For PHP, you can check on the value of the post_max_size setting to be sure that the allowed size of an HTTP POST is congruent with your goals. In fact, the PHP Security Consortium recommends that you set a limit for post_max_size so that attackers are not permitted to "post bomb" your webserver.
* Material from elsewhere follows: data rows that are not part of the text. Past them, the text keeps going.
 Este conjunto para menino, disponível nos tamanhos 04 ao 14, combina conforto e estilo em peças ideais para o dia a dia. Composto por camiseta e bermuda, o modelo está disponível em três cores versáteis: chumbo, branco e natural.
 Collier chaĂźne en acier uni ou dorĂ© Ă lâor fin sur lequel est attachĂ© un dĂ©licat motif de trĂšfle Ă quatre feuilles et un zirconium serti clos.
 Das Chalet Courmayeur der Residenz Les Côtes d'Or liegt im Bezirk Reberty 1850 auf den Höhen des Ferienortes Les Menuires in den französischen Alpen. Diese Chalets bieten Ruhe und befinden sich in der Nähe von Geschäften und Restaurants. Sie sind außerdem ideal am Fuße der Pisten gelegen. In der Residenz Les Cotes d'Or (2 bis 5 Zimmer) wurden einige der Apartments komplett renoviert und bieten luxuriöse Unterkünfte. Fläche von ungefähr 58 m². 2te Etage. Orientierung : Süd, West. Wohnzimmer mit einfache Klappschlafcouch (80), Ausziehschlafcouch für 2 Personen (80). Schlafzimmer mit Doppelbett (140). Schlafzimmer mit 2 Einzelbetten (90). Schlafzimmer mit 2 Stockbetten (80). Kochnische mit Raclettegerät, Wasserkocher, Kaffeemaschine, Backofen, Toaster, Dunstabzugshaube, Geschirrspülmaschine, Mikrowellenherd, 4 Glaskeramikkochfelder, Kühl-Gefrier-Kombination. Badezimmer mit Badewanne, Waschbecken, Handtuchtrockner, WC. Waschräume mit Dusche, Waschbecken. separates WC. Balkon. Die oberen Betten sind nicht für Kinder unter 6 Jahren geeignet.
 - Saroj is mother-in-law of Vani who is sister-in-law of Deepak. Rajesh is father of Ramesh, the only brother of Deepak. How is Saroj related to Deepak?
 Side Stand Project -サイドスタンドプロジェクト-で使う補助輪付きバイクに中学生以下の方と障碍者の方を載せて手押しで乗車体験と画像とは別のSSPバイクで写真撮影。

# find all the php.ini files on your system and look at what they say
locate php.ini |xargs grep -i post_max
# find the php.ini files that are used in the default location for (K)ubuntu/Debian
grep -ri post_max /etc/php5/
Mediawiki[edit]
Uploading Files[edit]
To upload a file, you simply click on the navigation link in the 'toolbox' to "upload file". This link brings you to the upload form (which is a special page in the wiki). Instructions are provided in the form, and it's as straightforward as selecting a file from your local system that you wish to upload. More help is available at the meta site Help:Images and other uploaded files
Configuration[edit]
In the mediawiki software, uploads are controlled by several settings in the 'LocalSettings.php' file. The documentation refers to 'images' however all types of files may be uploaded depending on how you configure your installation.
## To enable image uploads, make sure the 'images' directory
## is writable, then set this to true:
$wgEnableUploads = true;
/* Adding unlimited upload support */
$wgStrictFileExtensions = false;
$wgMimeDetectorCommand= "file -bi";
$wgVerifyMimeType = false;Allowed File Types[edit]
 |
This wiki does not allow users to upload any Microsoft file formats. In general, only open, standards-based file formats like those generated by OpenOffice are allowed. |
The system administrator can define what file types are allowed to be uploaded. In an internal environment, you can be pretty lax about what is allowed. However, in a publicly accessible system, there are a number of issues with uploading certain content since it is then going to be either re-displayed, executed in some fashion by the system, or made available to other users.
Here is a representative list that includes all the file types for OpenOffice (including templates), ogg and mp3 plus normal image file types, a few text and XML types.
$wgFileExtensions = array();
$wgFileExtensions[] = gif;
$wgFileExtensions[] = ico;
$wgFileExtensions[] = jpeg;
$wgFileExtensions[] = jpg;
$wgFileExtensions[] = mp3;
$wgFileExtensions[] = odb;
$wgFileExtensions[] = odf;
$wgFileExtensions[] = odg;
$wgFileExtensions[] = odm;
$wgFileExtensions[] = odp;
$wgFileExtensions[] = ods;
$wgFileExtensions[] = odt;
$wgFileExtensions[] = ogg;
$wgFileExtensions[] = otg;
$wgFileExtensions[] = oth;
$wgFileExtensions[] = ots;
$wgFileExtensions[] = ott;
$wgFileExtensions[] = pdf;
$wgFileExtensions[] = png;
$wgFileExtensions[] = stc;
$wgFileExtensions[] = std;
$wgFileExtensions[] = sti;
$wgFileExtensions[] = stw;
$wgFileExtensions[] = swx;
$wgFileExtensions[] = sxc;
$wgFileExtensions[] = sxg;
$wgFileExtensions[] = sxi;
$wgFileExtensions[] = sxm;
$wgFileExtensions[] = txt;
$wgFileExtensions[] = xml;
$wgFileExtensions[] = xsd;
$wgFileExtensions[] = xsl;
$wgFileExtensions[] = xslt;Technical Resources[edit]
Handling file uploads is covered in the PHP manual. Note the 'PUT' support. The Amaya web authoring tool from the W3C uses PUT for uploading. HTTP PUT is distinct from regular POST file upload processing.